Amid recent Catholic school closures, the Diocese of Rockville Centre is planning to offer a new school on two campuses for dual-language immersion and look, in part, to attract Hispanic families.
The diocese said it will form the nursery-through-eighth-grade school, combining two facilities that had served as schools in Deer Park and Central Islip — and overseen by the Marianist Brothers, who run respected schools such as Chaminade High School.
The new Our Lady of Guadalupe School will include extended hours to help focus on math and reading skills, extensive after-school programs, and a dual-language program in which students should become fluent in both English and Spanish, said Sean Dolan, a spokesman for the diocese.
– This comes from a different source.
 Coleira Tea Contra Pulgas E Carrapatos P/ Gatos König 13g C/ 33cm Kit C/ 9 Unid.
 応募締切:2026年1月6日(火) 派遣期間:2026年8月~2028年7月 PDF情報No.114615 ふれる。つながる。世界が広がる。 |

The diocese also announced it is enhancing a school in Valley Stream that will accept students from three schools that are closing in June in East Rockaway, West Hempstead and Baldwin.
The moves come after the decision to shut down seven grammar schools in the last year, prompting protests by parents.
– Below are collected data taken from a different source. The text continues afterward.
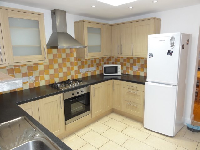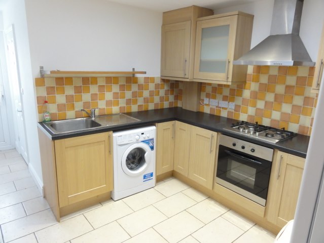 9’11 x 10’8 Fitted modern kitchen with storage base units, storage wall mounted units, Stainless steel sink unit water mixer tap, Gas cooker hob, Electric oven, extractor hood, ample power points, ceiling light, ceramic tiled floor, ceiling spot lights, plumbed for washing machine, space for fridge freezer, wall mounted Gas central heating boiler
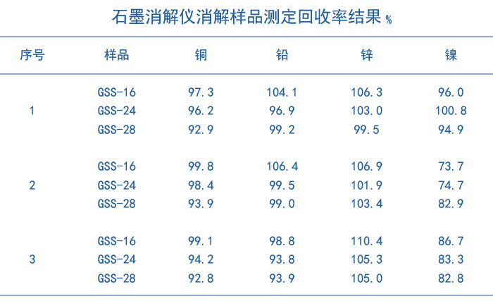 (2)由圖表3、圖表4可以看出三種程序消解樣品的土壤重金屬銅、鉛、鋅都有很好的消解回收,但是第一種程序對重金屬鎳的回收好,對土壤標準物質GSS-16、GSS-24和GSS-28的回收率分別達到了96.0%、100.1%和94.9%。
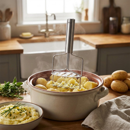 Dieser Kartoffelstampfer ist aus hochwertigem Edelstahl gefertigt.
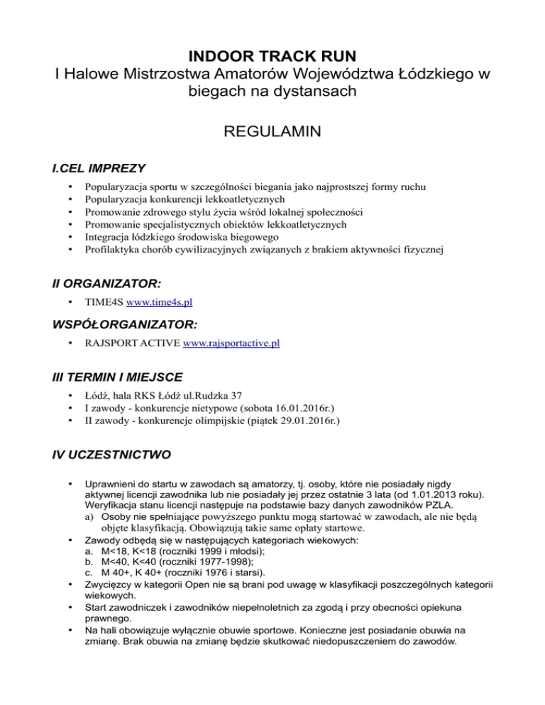 INDOOR TRACK RUN I Halowe Mistrzostwa Amatorów Województwa Łódzkiego w biegach na dystansach REGULAMIN I.CEL IMPREZY • • • • • • Popularyzacja sportu w szczególności biegania jako najprostszej formy ruchu Popularyzacja konkurencji lekkoatletycznych Promowanie zdrowego stylu życia wśród lokalnej społeczności Promowanie specjalistycznych obiektów lekkoatletycznych Integracja łódzkiego środowiska biegowego Profilaktyka chorób cywilizacyjnych związanych z brakiem aktywności fizycznej II ORGANIZATOR: • TIME4S www.time4s.pl WSPÓŁORGANIZATOR: • RAJSPORT ACTIVE www.rajsportactive.pl III TERMIN I MIEJSCE • • • Łódź, hala RKS Łódź ul.Rudzka 37 I zawody - konkurencje nietypowe (sobota 16.01.2016r.) II zawody - konkurencje olimpijskie (piątek 29.01.2016r.) IV UCZESTNICTWO • Uprawnieni do startu w zawodach są amatorzy, tj. osoby, które nie posiadały nigdy aktywnej licencji zawodnika lub nie posiadały jej przez ostatnie 3 lata (od 1.01.2013 roku). Weryfikacja stanu licencji następuje na podstawie bazy danych zawodników PZLA. a) Osoby nie spełniające powyższego punktu mogą startować w zawodach, ale nie będą objęte klasyfikacją. Obowiązują takie same opłaty startowe. • • • • Zawody odbędą się w następujących kategoriach wiekowych: a. M<18, K<18 (roczniki 1999 i młodsi); b. M<40, K<40 (roczniki 1977-1998); c. M 40+, K 40+ (roczniki 1976 i starsi). Zwycięzcy w kategorii Open nie są brani pod uwagę w klasyfikacji poszczególnych kategorii wiekowych. Start zawodniczek i zawodników niepełnoletnich za zgodą i przy obecności opiekuna prawnego. Na hali obowiązuje wyłącznie obuwie sportowe. Konieczne jest posiadanie obuwia na zmianę. Brak obuwia na zmianę będzie skutkować niedopuszczeniem do zawodów. • • • • • • • • • • • • • • • • • Zawodnicy mogą startować w obuwiu sportowym typu „kolce”. Obowiązuje bezwzględny zakaz przebywania osób postronnych na płycie oraz bieżni okrężnej, co dotyczy również osób, które nie startują w danej konkurencji. Rozgrzewka odbywać się będzie na płycie hali, na 40 minut przed rozpoczęciem konkurencji. We wszystkich konkurencjach odbędą się serie na czas. Rozstawienie zawodniczek i zawodników w seriach jest przypadkowe, a kolejność serii jest losowana. Pomiar czasu dokonywany będzie za pomocą chronometrażu „Slandi” i programu fotofiniszu „SprintTimer”. Obsługę zawodów stanowić będą licencjonowani sędziowie PZLA. Na zawodach obowiązują przepisy IAAF 2016-17. Szczegółowy program minutowy zawodów dostępny będzie po zamknięciu panelu rejestracyjnego na 3 dni przed każdą imprezą. Ubezpieczenie leży w gestii uczestników zawodów. Opłaty startowe: i. Start w pierwszej konkurencji – 15 zł; ii. Każdy kolejny start – 5zł (od konkurencji). Nagrody: za pierwsze trzy miejsca w kategoriach wiekowych i kategorii „open” – Puchary oraz nagrody. Kategoria Open i kategorie wiekowe nie dublują się. Organizator zastrzega sobie możliwość zwiększenia puli nagród. Uczestnicy wysyłając formularz zgłoszeniowy oświadczają, że nie ma medycznych przeciwwskazań do udziału w zawodach. Organizator zastrzega sobie prawo do wykorzystywania w celach promocyjnych, informacyjnych, wszelkich zdjęć, materiałów filmowych, wywiadów przedstawiających uczestników biegu. Organizator zastrzega sobie prawo odwołania imprezy bez podawania przyczyn. W sprawach trudnych prosimy o kontakt drogą elektroniczną [email protected] ewentualnie kontakt telefoniczny Radosław Sekieta 501 894 154.
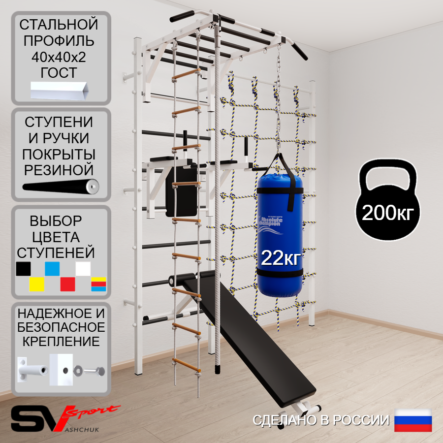 КОМПЛЕКТАЦИЯ: Шведская стенка Sv Sport (профиль вертикальных стоек 40 х 40 х 2 мм), Турник Sv Sport рукоход к ШС, Брусья Sv Sport к ШС, Скамья для пресса и жима Sv Sport к ШС, Kанат, Лестница веревочная, Цепь удлинитель 90см, Мешок боксерский 22кг, Канатный лаз.

"As a Diocese, we have recognized the need to strengthen our offerings for a growing population of Hispanic Catholic families in Suffolk County, specifically in the areas of Central Islip, Brentwood and Deer Park," Bishop John Barres said in a statement.
"We also recognize the unique value that a diverse learning environment offers all of our families and we are excited to bring our communities together," he said.
The dual-campus school is named after the patron saint of Mexico. It will involve Ss. Cyril and Methodius School building in Deer Park, which will become known as Our Lady of Guadalupe West. The other school, Our Lady of Providence Regional School in Central Islip, will become Our Lady of Guadalupe East.
The west campus eventually will be a middle school for grades five through eight for students from both areas. The east campus will serve as a lower school for students kindergarten through grade four from both areas. Each campus will maintain nursery and prekindergarten programs into the future.
The middle school will go into effect this September, with the Central Islip school students in grades five through eight transferring over. By fall 2022, after some renovations, the east campus will be entirely kindergarten through fourth grade, with the students in that age group transferring over from the Deer Park school.
"Our goal is to grow both campuses of Our Lady of Guadalupe to fully utilize building capacity," said Denise Smith, interim superintendent of education for the diocese.
Dolan said the new school will "provide a new and exciting opportunity for both English- and Spanish-speaking families, who will benefit from a dynamic learning environment which improves critical thinking skills and boosts social and emotional well-being of students."
Hispanics make up a growing portion of Long Island's Catholic population, by some estimates accounting for at least 30% of Catholics.
In dual-language programs, the school day typically is split between English and Spanish instruction, mixing students from both backgrounds with the goal they become bilingual by the time they graduate. The program will start at the nursery level.
Dolan said the new dual-campus model was spurred partly by enrollment declines and financial pressures at the two schools. The school will have new leadership, new governance and serve "a pilot for a new approach to Catholic elementary school education."
The diocese said it was also moving to increase oversight, strategic planning, and academic and operational support at Holy Name of Mary School in Valley Stream, which will accept students from St. Raymond Catholic School in East Rockaway, St. Thomas the Apostle School in West Hempstead and St. Christopher's in Baldwin. Those three schools will be closing in June.
The church will institute "a new governance model" at Holy Name of Mary "to achieve bold spiritual, moral, cultural, and academic growth as it expands where many of the students from the two schools that are closing are expected to enroll," Dolan said.
The school will receive support from the parish, the diocese and the Morning Star Initiative, an effort spearheaded by the Marianist Brothers to revitalize Catholic grammar schools on Long Island.